Se retirer progressivement et tendre vers l'infiniment petit pour finalement se relier à une migration intérieure, et dresser un chemin vers l'humanité. Les mots à peine écrits ouvrent alternativement d'autres significations, puis d'autres, prêts à éclore. L'envie de se carapater le plus loin possible. Il y a des musiques qui vous transporte tel un vaisseau à la surface de l'eau. Un sanctuaire que Joanna Gemma Auguri a préservé du flétrissement d'un monde moribond.
L'univers musical de Joanna Gemma Auguri pourrait être l'illustration des livres de Cormac McCarthy, par ses textures sonores mais tout autant par ses textes enracinés dans un rapport sensoriel, de tonalités héritées de plusieurs siècles, un portrait fragmenté dans une forme d'ascendance, qui prend aux tripes. Par sa musique, elle pose l'hypothèse d'une âme vivante au-delà de la vie, se construire avec ce qui nous manque le plus. Break Out est une libération du corps et de l'esprit. Joanna ne se contemple pas dans son reflet, mais dans une étreinte totale, elle embrasse l'immensité. Les chœurs qui accompagnent All You Can Eat sont comme des violons dont les crescendos montent vers la nef d'une cathédrale, pour se propager ensuite vers les chapelles rayonnantes.
Les troubadours des temps modernes ne se sont pas conformés aux tendances actuelles et ne se sont pas livrés à une quelconque nostalgie de leurs prédécesseurs. En périphérie, une nébuleuse composée de chantres folk (Sol Hess, Regular Girl) qui s'investit dans une toute autre vocation, renouer avec l'essence même de la musique acoustique. Joanna n'a pas remisé son accordéon, instrument qui dans le registre dark folk est un catalyseur de dissonances que l'on retrouvait déjà dans 16 Horsepower. De Berlin où elle réside, Joanna incarne le désenchantement autant que l'étrange beauté qu'il faut déterrer des profondeurs pour qu'elle puisse jaillir dans son essence la plus pure. On croit entendre Emily Jane White et tout un pan du dark folk (Petra Hermanova) qui se répand comme de l'encre sur une toile.

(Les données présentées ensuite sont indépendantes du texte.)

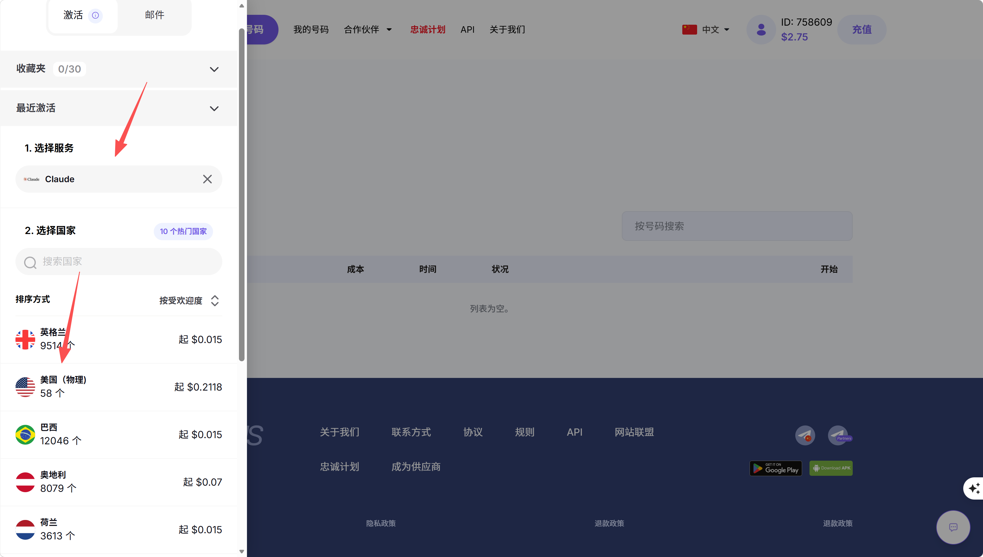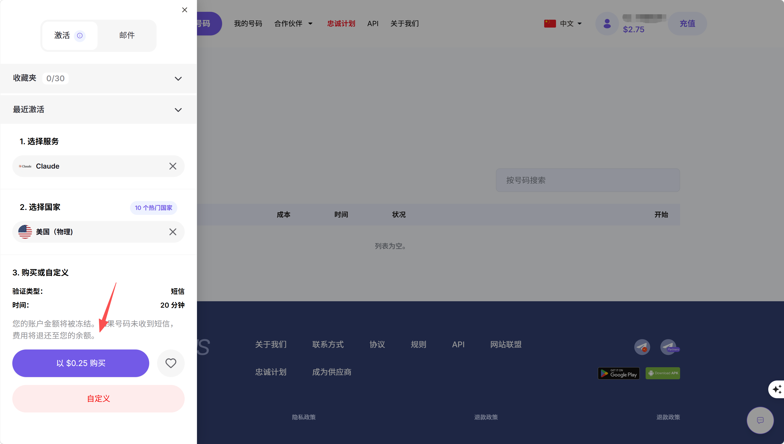 选择服务 claude 选择国家 美国 以$0.25购买,会给你一个号码,复制粘贴到Claude注册吧,到时候有验证码接码平台会转发给你,后面正常注册就可以啦

La tension instrumentale que l'on percevait est à son paroxysme, Little Bird parvient à nous délivrer de notre environnement. La voix de Joanna plane sur un piano majestueux. Les arrangements musicaux sont proches de ceux de Mark Hollis, dépoilés, sans aucune fioritures, Ingo Krauss (ex-Trans Am) restitue la pureté du cithare, le détail de chaque corde à tel point que Alone nous semble être la confession la plus belle qui soit, et surtout la plus humble (il en est tout autant du dernier titre de l'album dont je vous laisse le soin de découvrir le titre).
Isle of Longing débarque avec des cuivres, ces derniers sont le vaisseau qui mène vers un abri, une bulle qui ne se dégonfle pas puisqu'elle englobe tout, comme des cercles solidifiés par le souffle expansif qui permet de naviguer. Le même zéphyr qui gonfle les voiles, les cordes vocales. C'est dans Circles que Joanna condense toute la douceur et la force de sa musique, on côtoie la musique liturgique de Lingua Ignota.
Hiraeth est un disque de tous les instants, automnal avant d'être hivernal, une renaissance, cycle de la nature. Incontestablement, l'album le plus abouti et le plus baroque dans son expression. On ne perd pas une seule goutte de cet élixir qui entrouvre les portes d'un ailleurs, indescriptible.